▼

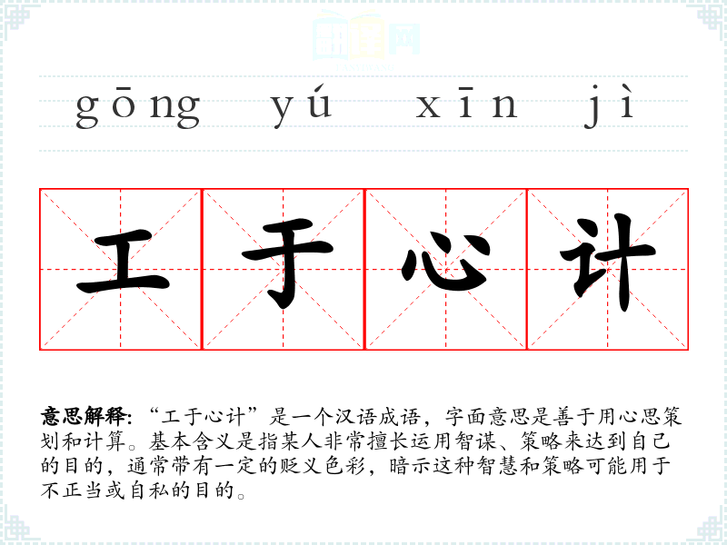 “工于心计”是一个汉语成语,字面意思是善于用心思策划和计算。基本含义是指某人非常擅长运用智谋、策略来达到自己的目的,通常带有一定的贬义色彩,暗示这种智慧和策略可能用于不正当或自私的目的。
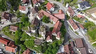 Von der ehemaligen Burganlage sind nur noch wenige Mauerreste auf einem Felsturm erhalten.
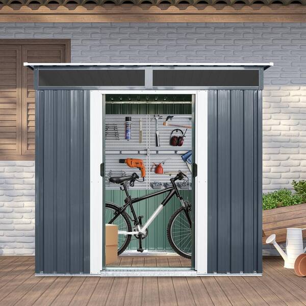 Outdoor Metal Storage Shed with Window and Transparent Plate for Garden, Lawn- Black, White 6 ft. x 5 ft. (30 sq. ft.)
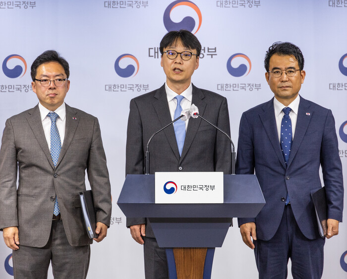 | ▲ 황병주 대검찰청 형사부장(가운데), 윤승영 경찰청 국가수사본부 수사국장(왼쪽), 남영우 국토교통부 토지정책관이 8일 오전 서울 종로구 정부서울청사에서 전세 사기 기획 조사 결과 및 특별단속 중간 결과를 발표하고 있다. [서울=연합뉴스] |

▲
▼

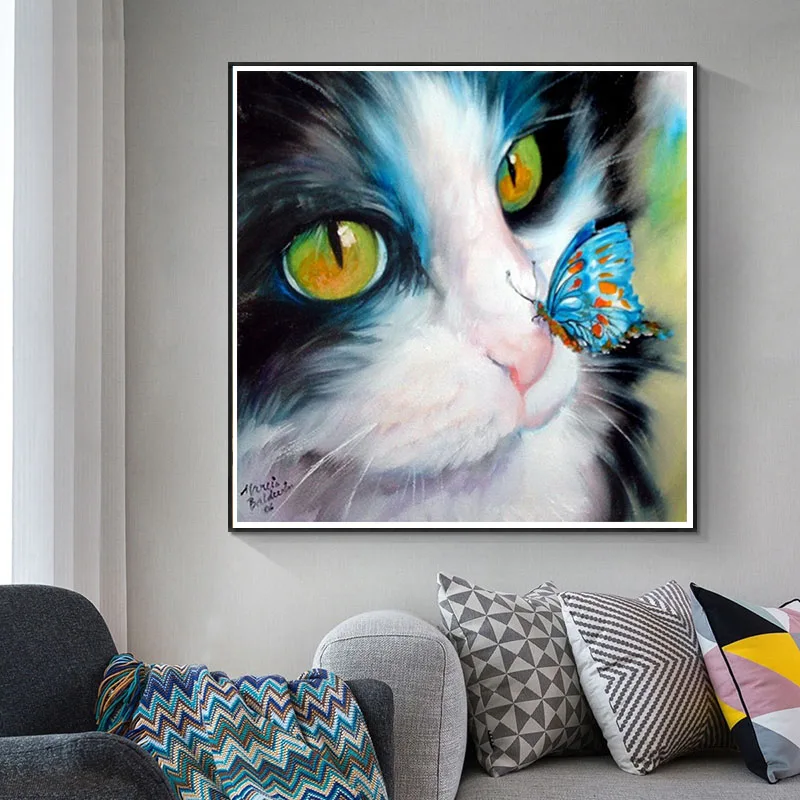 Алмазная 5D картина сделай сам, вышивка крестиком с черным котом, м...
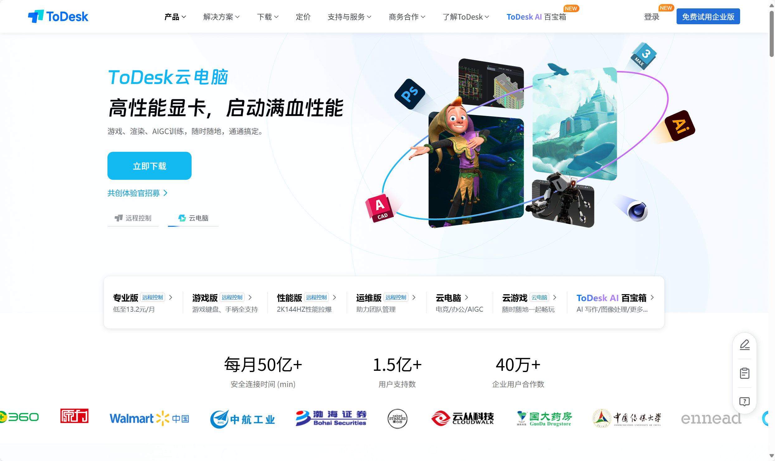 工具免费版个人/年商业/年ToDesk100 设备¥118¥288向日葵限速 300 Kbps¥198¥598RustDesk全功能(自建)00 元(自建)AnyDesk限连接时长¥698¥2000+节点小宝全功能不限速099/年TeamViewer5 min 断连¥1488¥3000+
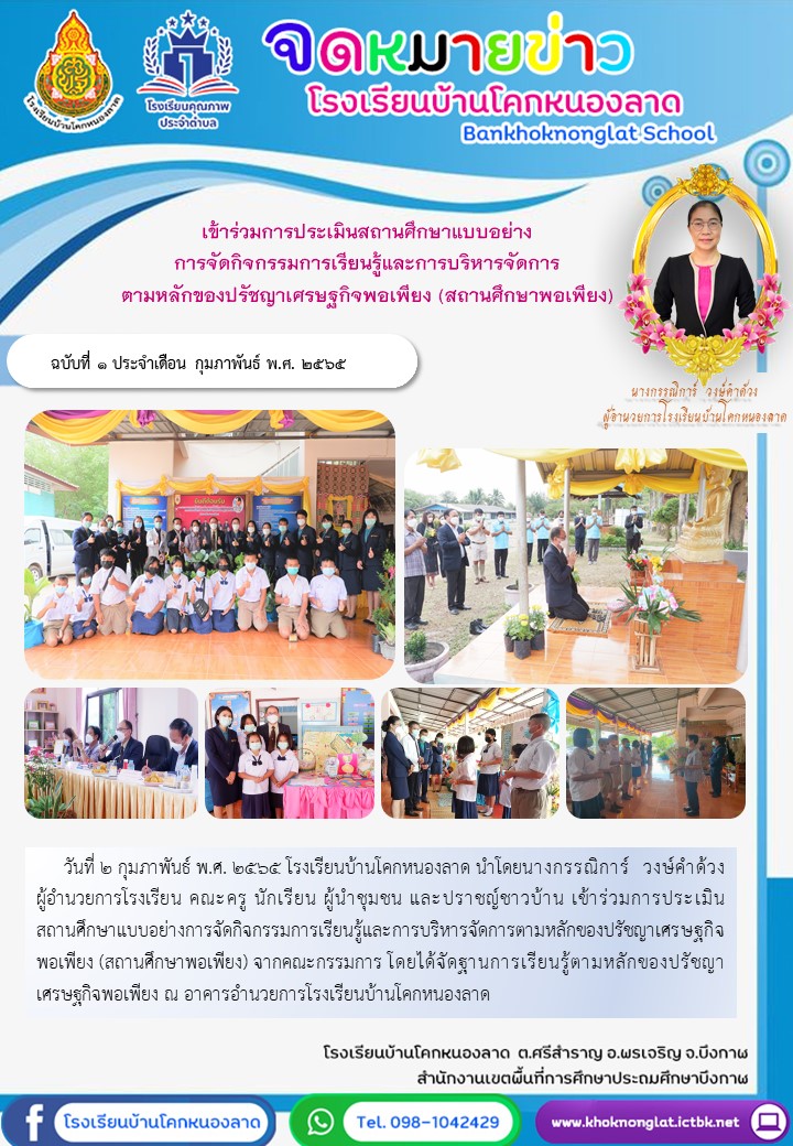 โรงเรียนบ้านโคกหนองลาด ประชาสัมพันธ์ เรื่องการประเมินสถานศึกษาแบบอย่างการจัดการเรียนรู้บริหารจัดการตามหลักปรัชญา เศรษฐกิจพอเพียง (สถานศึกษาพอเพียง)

▲

- _EXERCISE AIM_
Within the listing above, the lines from the one with "Outdoor Metal Storage" through the one with "있다. [서울=연합뉴스] |" are to be given again word for word. Do not include pictures.

- _RESULT BELOW_
 Outdoor Metal Storage Shed with Window and Transparent Plate for Garden, Lawn- Black, White 6 ft. x 5 ft. (30 sq. ft.)
 | ▲ 황병주 대검찰청 형사부장(가운데), 윤승영 경찰청 국가수사본부 수사국장(왼쪽), 남영우 국토교통부 토지정책관이 8일 오전 서울 종로구 정부서울청사에서 전세 사기 기획 조사 결과 및 특별단속 중간 결과를 발표하고 있다. [서울=연합뉴스] |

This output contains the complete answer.